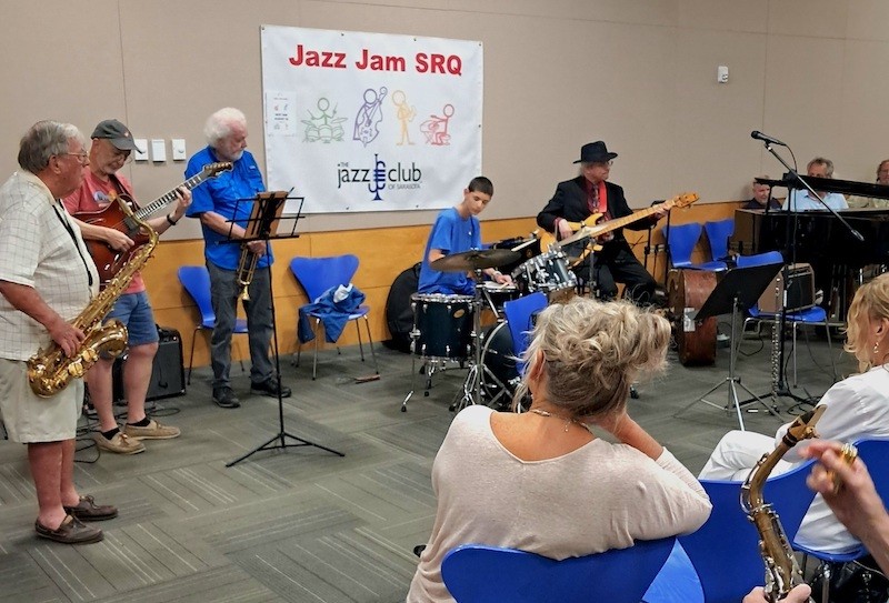 Pictured: Jazz Jam SRQ meeting at the Downtown Selby Library. Photo Courtesy of Ron Kushner.
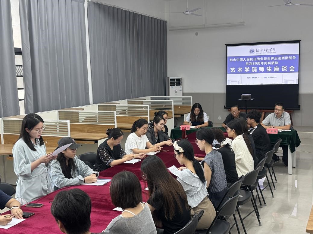 随后,我院领导班子及教师、学生代表在学院楼1-A112组织召开座谈会,围绕直播精神进行深入交流讨论。大家纷纷表示要深刻理解抗战精神的历史意义与时代价值,将观看阅兵激发的爱国热情转化为推动艺术创作与教育事业发展的实际行动。
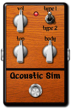 Acoustic Sim features state-of-the-art acoustic simulation that turns your electric guitar into an acoustic. Featuring two unique acoustic guitar types to choose from, Acoustic Sim also provides you with controls for the Top and Body characteristics of the simulation. The Top knob helps you vary the resonant tonality of the virtual acoustic, progressing from dark and round to bright and attack-y as you turn it up. The Body knob changes the low-end presence of the acoustic, giving you a bigger, tighter sound as it is turned up. Combined with our other new acoustic offerings such as the Acoustic Compressor, Acoustic Chorus and Acoustic Reverb, Acoustic Sim helps you obtain an enormous variety of acoustic guitar tones without switching out your electric.
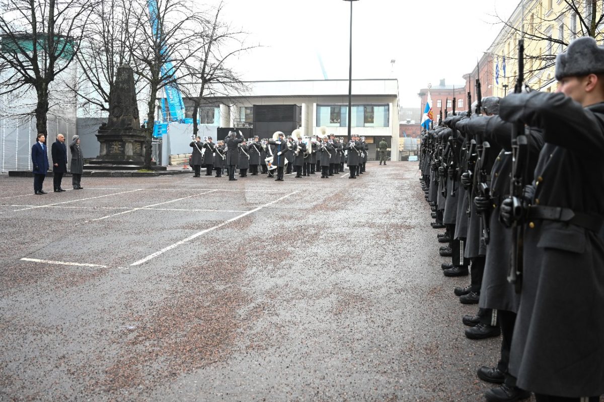 «Βρίσκομαι σήμερα εδώ, στο Ελσίνκι, στην πρώτη επίσκεψή μου ως Υπουργός Εθνικής Άμυνας. Είναι η τρίτη μου βεβαίως (επίσκεψη) ως Υπουργός της κυβέρνησης Mητσοτάκη. Η Ελλάδα και η Φινλανδία έχουν πολλές ομοιότητες. Είναι χώρες μεσαίου μεγέθους, βρίσκονται όμως και οι δύο δίπλα σε μεγάλους γείτονες που έχουν αναθεωρητικές φιλοδοξίες.
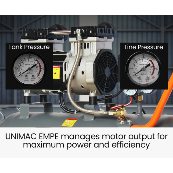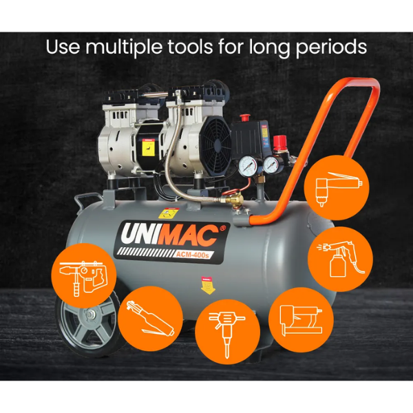 The Unimac ACM-400s Quiet Air Series offers reliable compressed air in a compact, low-noise design. With a 40L tank and twin Nitto outlets, it’s ideal for workshops, home projects, and light trade use.
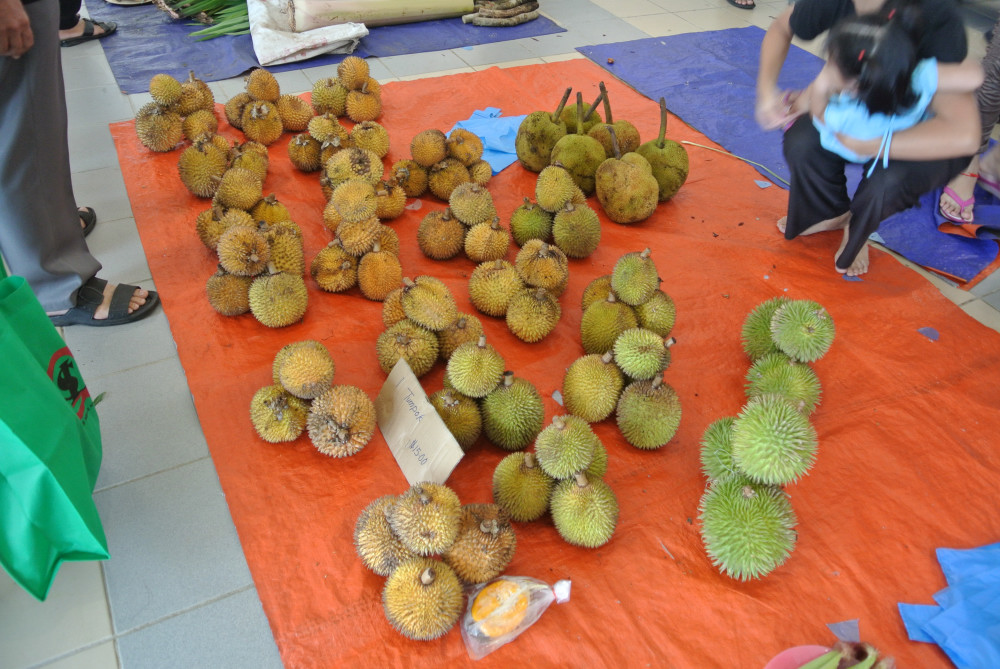 People are busy buying and selling durian, each cost around $2-$4 which is quite cheap |

> [Exercise goal] Skip the pictures. Restate exactly the lines from the start of the entries through the line containing "Acoustic Sim features", both ends included.

> [Reply to the task]
 Pictured: Jazz Jam SRQ meeting at the Downtown Selby Library. Photo Courtesy of Ron Kushner.
 随后,我院领导班子及教师、学生代表在学院楼1-A112组织召开座谈会,围绕直播精神进行深入交流讨论。大家纷纷表示要深刻理解抗战精神的历史意义与时代价值,将观看阅兵激发的爱国热情转化为推动艺术创作与教育事业发展的实际行动。
 Acoustic Sim features state-of-the-art acoustic simulation that turns your electric guitar into an acoustic. Featuring two unique acoustic guitar types to choose from, Acoustic Sim also provides you with controls for the Top and Body characteristics of the simulation. The Top knob helps you vary the resonant tonality of the virtual acoustic, progressing from dark and round to bright and attack-y as you turn it up. The Body knob changes the low-end presence of the acoustic, giving you a bigger, tighter sound as it is turned up. Combined with our other new acoustic offerings such as the Acoustic Compressor, Acoustic Chorus and Acoustic Reverb, Acoustic Sim helps you obtain an enormous variety of acoustic guitar tones without switching out your electric.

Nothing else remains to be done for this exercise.